There's a very interesting chapter about what the future holds in the RIO+20 working papers from the UN Division of Sustainable Development (UNDESA). Here’s an extraction of this very alarming description of our future:

What does the future hold?

No one knows which path the world will take in the next 40 years. But there has been a strong consensus among experts about the major sustainability issues and the broad direction of trends. In contrast, big differences exist on the suggested policy solutions arising from different world views, grounded in different values.

Many “business-as-usual” (BAU) scenarios have explored the potential consequences of the world’s continuing its dominant development model. Most recent scenarios of this type are “dynamics-as-usual” (DAU) scenarios that assume across the board incremental improvements in technologies, for example for energy efficiency, following past dynamics. In principle, these scenarios are the closest to future projections. They provide a sketch of what the world could look like in 2050, if we were to continue the historical path of incremental improvements in reaction to perceived crises, instead of a shift toward a long-term perspective that aims to anticipate and avert serious – possibly catastrophic – environmental disruptions to human societies and economies.

Given the available evidence and scenarios, what can be said of the role of international cooperation in finding solutions to sustainable development challenges? First, a framework for international cooperation that aims to support sustainable development would necessarily put a heavy emphasis on three dimensions: (i) the need to eradicate poverty and hunger; (ii) the global ecological footprint of humanity; and (iii) the management of global commons.
Ideally, such a framework should be adapted to the challenges of the future. This raises a number of difficult questions, the answers to which all condition what international cooperation should look like. For example, what can we reasonably say about the extent and location of extreme poverty and hunger in the next 20-30 years?

7 Centers of poverty have shifted over time and are likely to continue to shift from middle-income countries to least developed countries and those in fragile situations. Another question for consideration is, how to break through current deadlocks in cooperative management of global commons? Yet another question is, how to integrate sustainability at all levels in the delivery of international cooperation (e.g., in international financing institutions)?

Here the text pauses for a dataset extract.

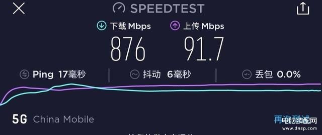 在网络连接方面,骁龙750G采用了完全集成的5G调制解调器,5G基带与骁龙765G同款,都是骁龙X52。我们同样对三星Galaxy A52 5G进行了在网5G速率测试,从权威测速软件Speedtest的测试结果来看,其下载速率达到了876Mbps,上行速率也达到了91.7Mbps,这个成绩还是很理想的。

From this brief discussion, it follows that specific recommendations on changes needed in the framework for international cooperation are quite hard to produce, unless backed up by clear visions for the future and goals for sustainability.

This DAU world in 2050 is a more crowded, urban world, in which poverty and hunger persist among riches. While great progress is expected on making not only primary but also secondary education universal, one billion people remain without access to basic services.

Gross world product quadruples to US$300 trillion in 2050, with Brazil, Russia, India, China and South Africa (BRICS) alone accounting for 40% of the world economy. Income convergence across countries continues rapidly. However, some of the most vulnerable and poorest economies remain marginalized. This world would still be energy-hungry and powered by fossil fuels. Two thirds of world population would be living under water stress.

Competing demands for freshwater resources would pose increasingly difficult allocation problems and limit the expansion of key sectors, in particular food and agriculture. Major environmental trends would be accelerated: increase in GHG emissions and global warming; decreasing forest area and more land for agriculture at least until 2030; and unabated loss of biodiversity. By its sheer scale, human activity will have transgressed the majority of the planetary boundaries as defined by J. Rockström and colleagues in 2009, with unknown effects but increasing the long-term risk of global collapse of the earth’s ecosystem.

Sustainable development scenarios produced for Rio+20 by various research groups have explored a broad range of sustainability goals, most associated with major international development and sustainability goals that are either agreed or have been under discussion.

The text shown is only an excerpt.